Of the records that follow, copy only the lines from the line containing "A pokud by vám" to the line containing "Op de tweede", both included, exactly as written.

Available data
#####
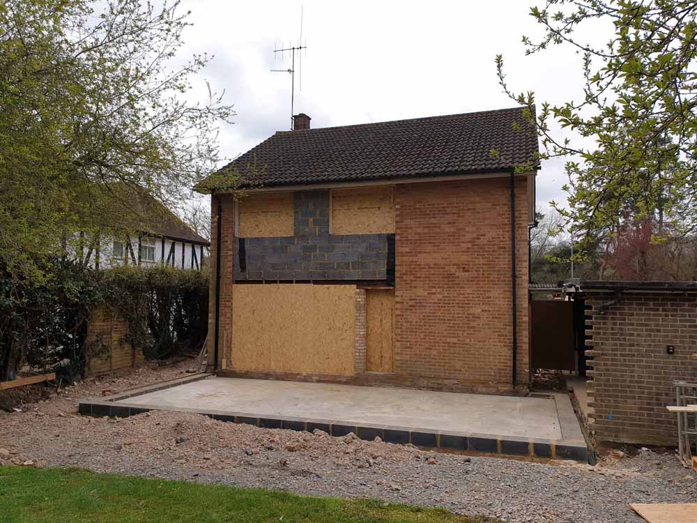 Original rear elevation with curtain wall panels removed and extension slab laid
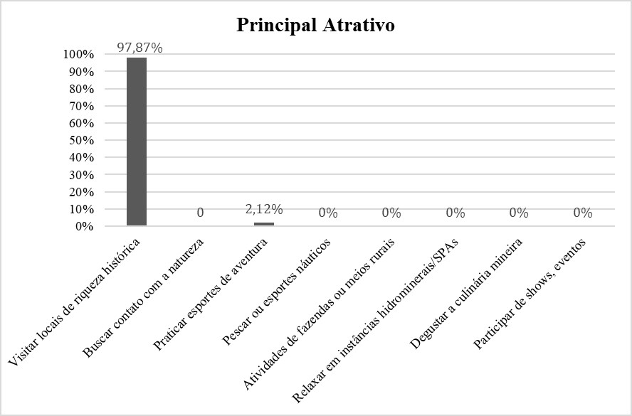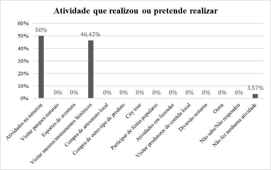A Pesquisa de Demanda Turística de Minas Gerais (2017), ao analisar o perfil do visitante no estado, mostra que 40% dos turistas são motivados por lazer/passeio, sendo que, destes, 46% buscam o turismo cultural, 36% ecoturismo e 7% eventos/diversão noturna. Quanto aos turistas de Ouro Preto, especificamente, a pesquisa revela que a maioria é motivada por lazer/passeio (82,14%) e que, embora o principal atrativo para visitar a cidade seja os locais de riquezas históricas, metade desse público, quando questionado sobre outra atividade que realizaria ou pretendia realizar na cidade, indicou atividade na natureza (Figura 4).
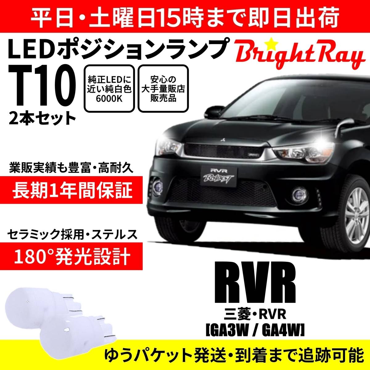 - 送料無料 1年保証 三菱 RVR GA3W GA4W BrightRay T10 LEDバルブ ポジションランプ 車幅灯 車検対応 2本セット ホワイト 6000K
#####
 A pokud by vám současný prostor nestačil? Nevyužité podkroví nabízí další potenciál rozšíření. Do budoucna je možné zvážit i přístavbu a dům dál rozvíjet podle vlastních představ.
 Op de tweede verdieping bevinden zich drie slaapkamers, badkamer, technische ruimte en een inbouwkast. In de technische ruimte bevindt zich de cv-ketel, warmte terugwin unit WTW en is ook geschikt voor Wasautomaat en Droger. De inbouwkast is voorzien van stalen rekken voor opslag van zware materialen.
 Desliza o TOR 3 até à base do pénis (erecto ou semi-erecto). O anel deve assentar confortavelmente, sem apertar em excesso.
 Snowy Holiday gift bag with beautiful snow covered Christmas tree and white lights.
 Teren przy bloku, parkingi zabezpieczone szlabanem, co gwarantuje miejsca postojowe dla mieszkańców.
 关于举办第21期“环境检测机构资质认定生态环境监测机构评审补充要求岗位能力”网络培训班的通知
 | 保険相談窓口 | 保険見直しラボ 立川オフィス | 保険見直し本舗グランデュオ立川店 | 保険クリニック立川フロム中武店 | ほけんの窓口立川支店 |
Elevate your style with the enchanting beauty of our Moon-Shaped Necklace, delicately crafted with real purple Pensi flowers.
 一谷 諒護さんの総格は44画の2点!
#####
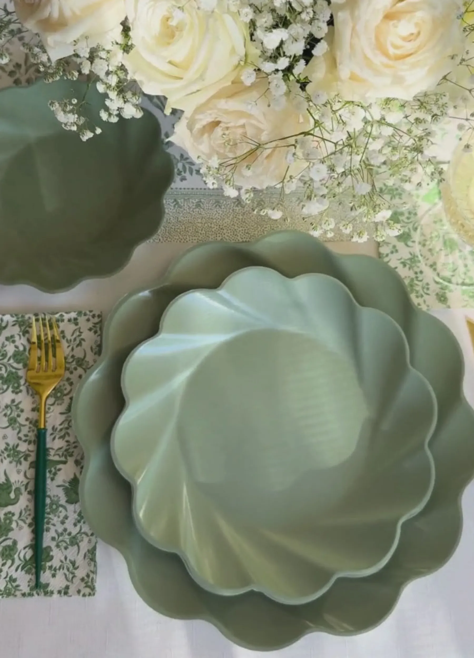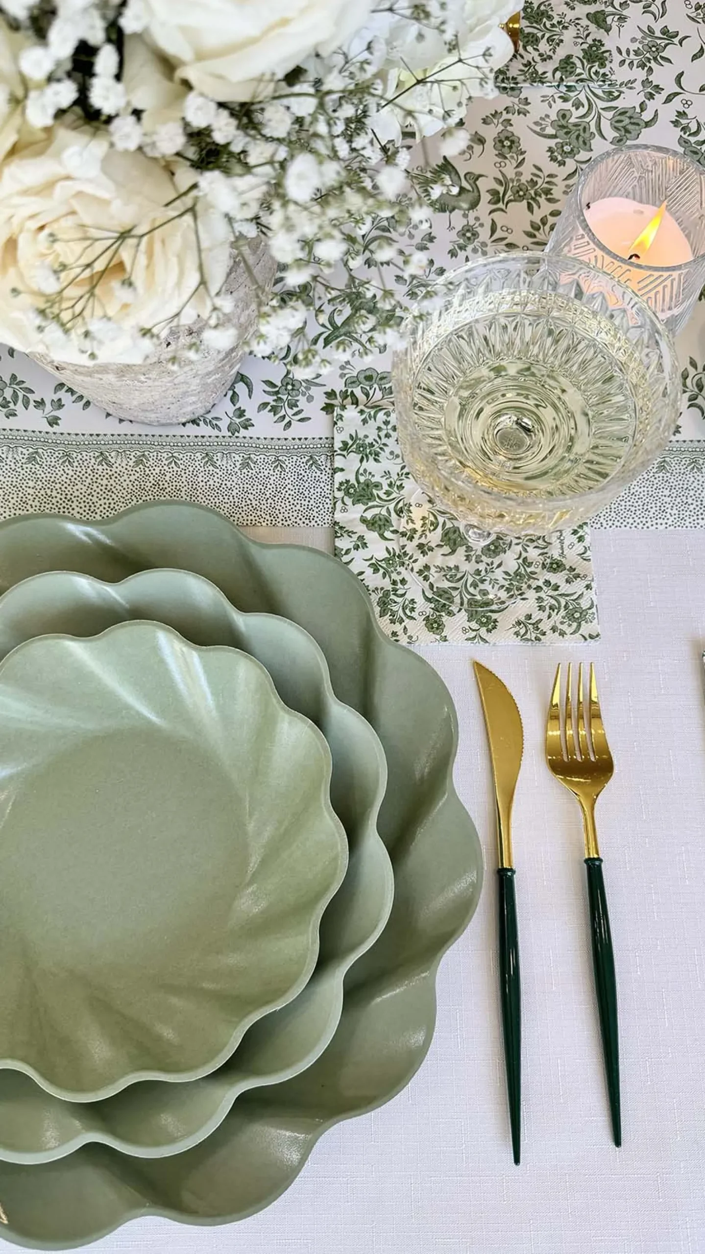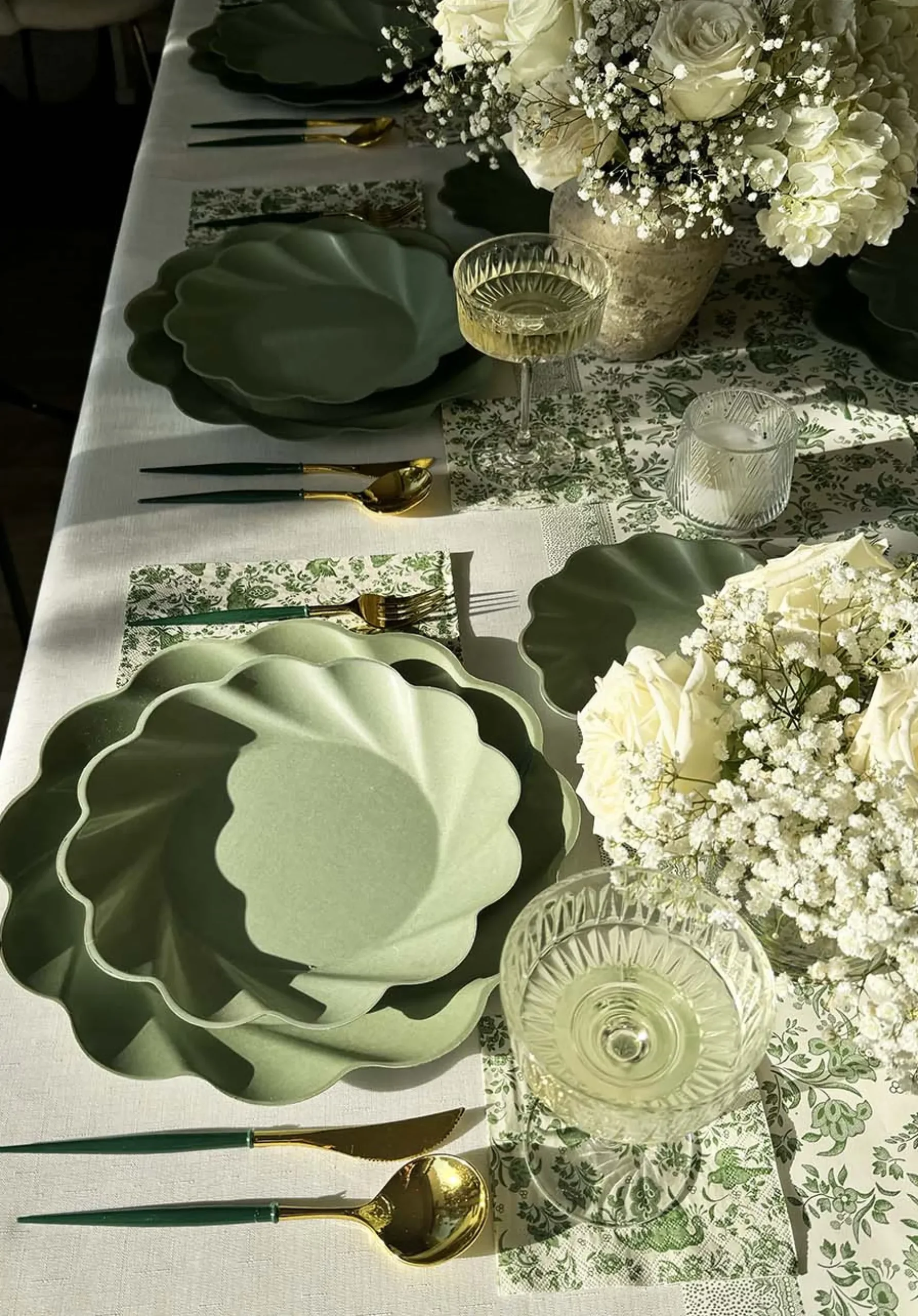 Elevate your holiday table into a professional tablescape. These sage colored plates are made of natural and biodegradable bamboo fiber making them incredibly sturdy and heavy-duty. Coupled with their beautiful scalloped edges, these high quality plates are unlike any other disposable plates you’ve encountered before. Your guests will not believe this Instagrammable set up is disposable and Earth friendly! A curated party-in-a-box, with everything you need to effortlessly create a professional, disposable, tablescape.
#####
Response to this task
 A pokud by vám současný prostor nestačil? Nevyužité podkroví nabízí další potenciál rozšíření. Do budoucna je možné zvážit i přístavbu a dům dál rozvíjet podle vlastních představ.
 Op de tweede verdieping bevinden zich drie slaapkamers, badkamer, technische ruimte en een inbouwkast. In de technische ruimte bevindt zich de cv-ketel, warmte terugwin unit WTW en is ook geschikt voor Wasautomaat en Droger. De inbouwkast is voorzien van stalen rekken voor opslag van zware materialen.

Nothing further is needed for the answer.